The second solution I found answers the question about the content of Dataset if it's processed with foreachBatch and multiple topics subscription is used. Thanks to foreachBatch we can easily separate the processing and, therefore, use 2 different schemas for our inconsistent datasets and process them independently inside one common application. An adapted solution could look like that:

  import org.apache.spark.sql.types._
  val schemaLetters = new StructType()
    .add($"lower".string.copy(nullable = false))
    .add($"upper".string.copy(nullable = false))
  val schemaNumbers = new StructType()
    .add($"number".int.copy(nullable = false))
    .add($"next_number".int.copy(nullable = false))

  inputMemoryStream.toDS()
    .select($"topic", $"value".cast("string"))
    .writeStream
    .foreachBatch((dataset, _) => {
      dataset.persist()
      dataset.filter($"topic" === topic1)
        .select(functions.from_json($"value".cast("string"), schemaLetters).as("value")).select("value.*")
        .selectExpr("CONCAT('letters=', lower, '/',  upper)")
        .show(false)
      dataset.filter($"topic" === topic2)
        .select(functions.from_json($"value".cast("string"), schemaNumbers).as("value")).select("value.*")
        .selectExpr("CONCAT('numbers=', number, '/',  next_number)")
        .show(false)
      dataset.unpersist()
    })
   .start().awaitTermination()

As you can see, with quite simple processing logic, we can work on 2 datasets in the single micro-batch.

Large shared schema

For the next strategy, we could imagine a schema taking all values from both topics, and depending on the source, exposing different attributes. Thanks to this big schema and implementation of data processing logic inside the data type, we can keep one data processing logic. The solution could also work with SQL's CASE/WHEN operation but the case class version is more readable and that's why I will show only this one in the following snippet:

  case class SharedEntryData(lower: Option[String], upper: Option[String],
                             number: Option[Int], next_number: Option[Int]) {
    def topic1Label = s"${lower.orNull} / ${upper.orNull}"
    def topic2Label = s"${number.orNull} / ${next_number.orNull}"
  }
  case class SharedEntry(topic: String, data: SharedEntryData) {
    def toCommonFormat: CommonFormat = {
      if (topic == topic1) {
        CommonFormat(s"letters=${data.topic1Label}")
      } else {
        CommonFormat(s"numbers=${data.topic2Label}")
      }
    }
  }
  case class CommonFormat(label: String)
  import org.apache.spark.sql.types._

  inputMemoryStream.toDS()
    .withColumn("shared_entry", functions.from_json($"value".cast("string"),
      ScalaReflection.schemaFor[SharedEntryData].dataType.asInstanceOf[StructType], Map[String, String]()))
    .select($"topic",  $"shared_entry".as("data")).as[SharedEntry]
    .map(sharedSchema => {
      sharedSchema.toCommonFormat
    })
    .writeStream.format("console").option("truncate", "false")
    .start().awaitTermination()

As you can see, SharedEntryData exposes 2 methods that the SharedEntry class uses in the mapping function, depending on the topic name.
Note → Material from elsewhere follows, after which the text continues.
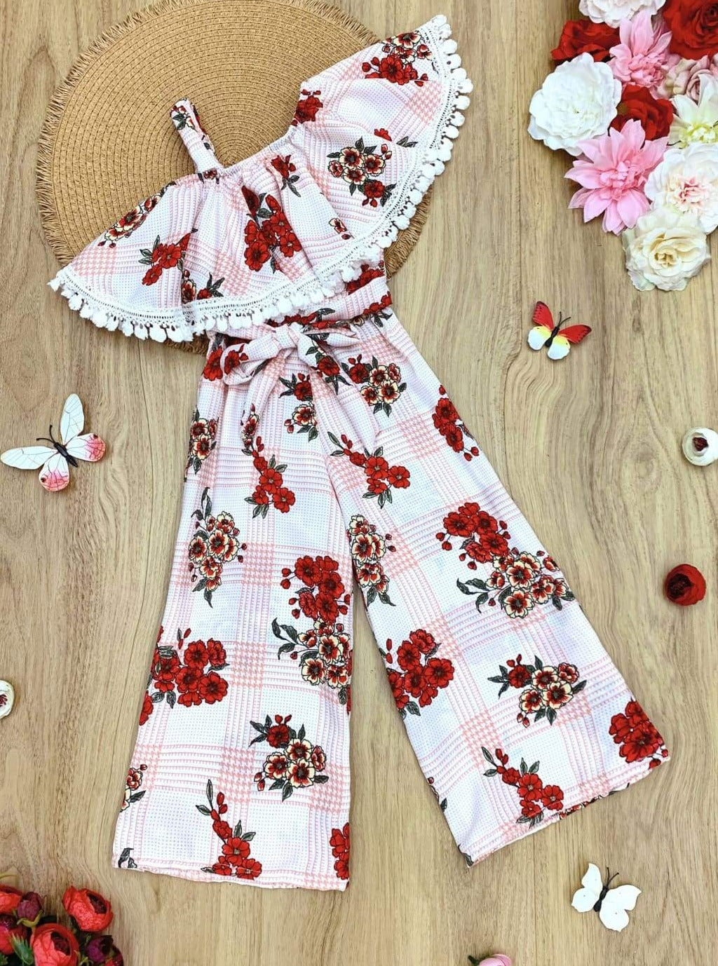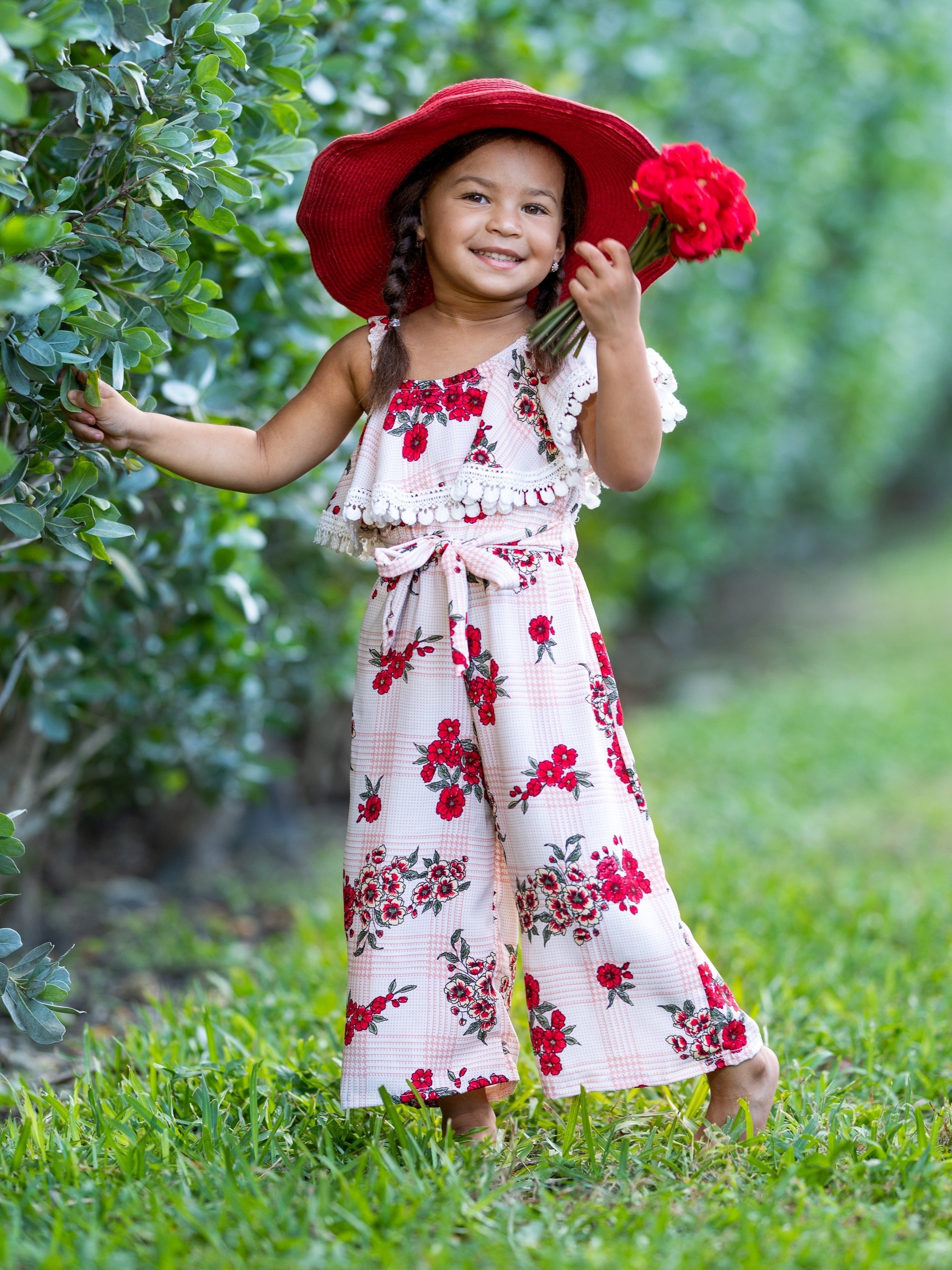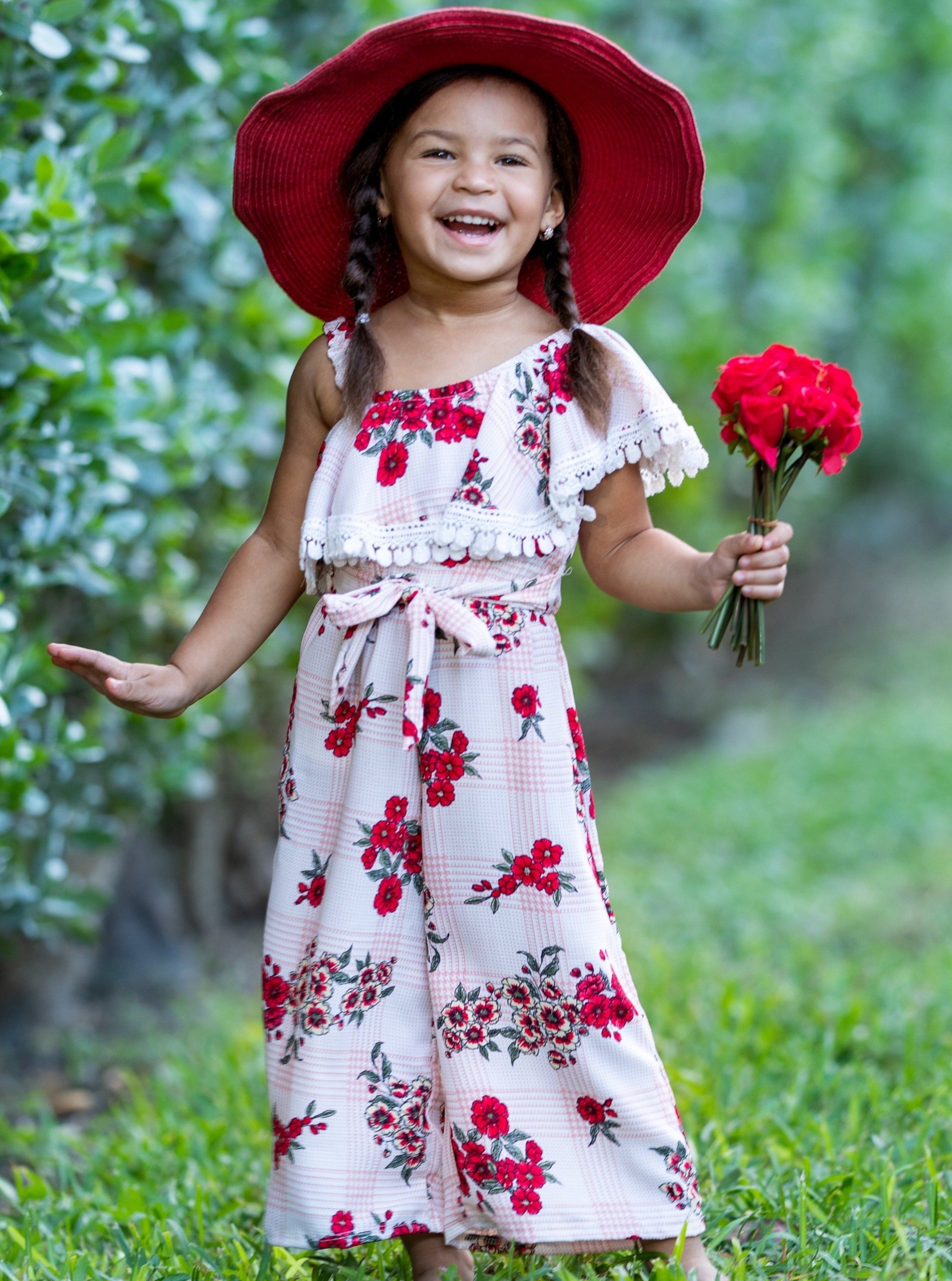- Send your little jet-setter off to parties and play dates in style with this cute-as-can-be jumpsuit that flaunts a floral or plaid print and cinched waist for chic appeal. The couture asymmetrical shoulders, built-in drawstring, and romantic silhouette are sure to be your girl's new Spring favorite.

Of course, this approach also has some drawbacks like a potential overhead of creating instances for such large schemas.

Another and less tricky solution consists of using an application that will convert both schemas into a common one and in that case your application logic will be much simpler. On the other hand, you can risk some of properties like ordering within a partition of every topic.For more complex scenarios, like the ones where you need to process the data before writing it, one of the 3 presented strategies could be useful. None of them is perfect though and depending on your use case, you may end up with another, better adopted approach. If it's the case, I'm really curious about the solutions and feel free to share it in the comments part.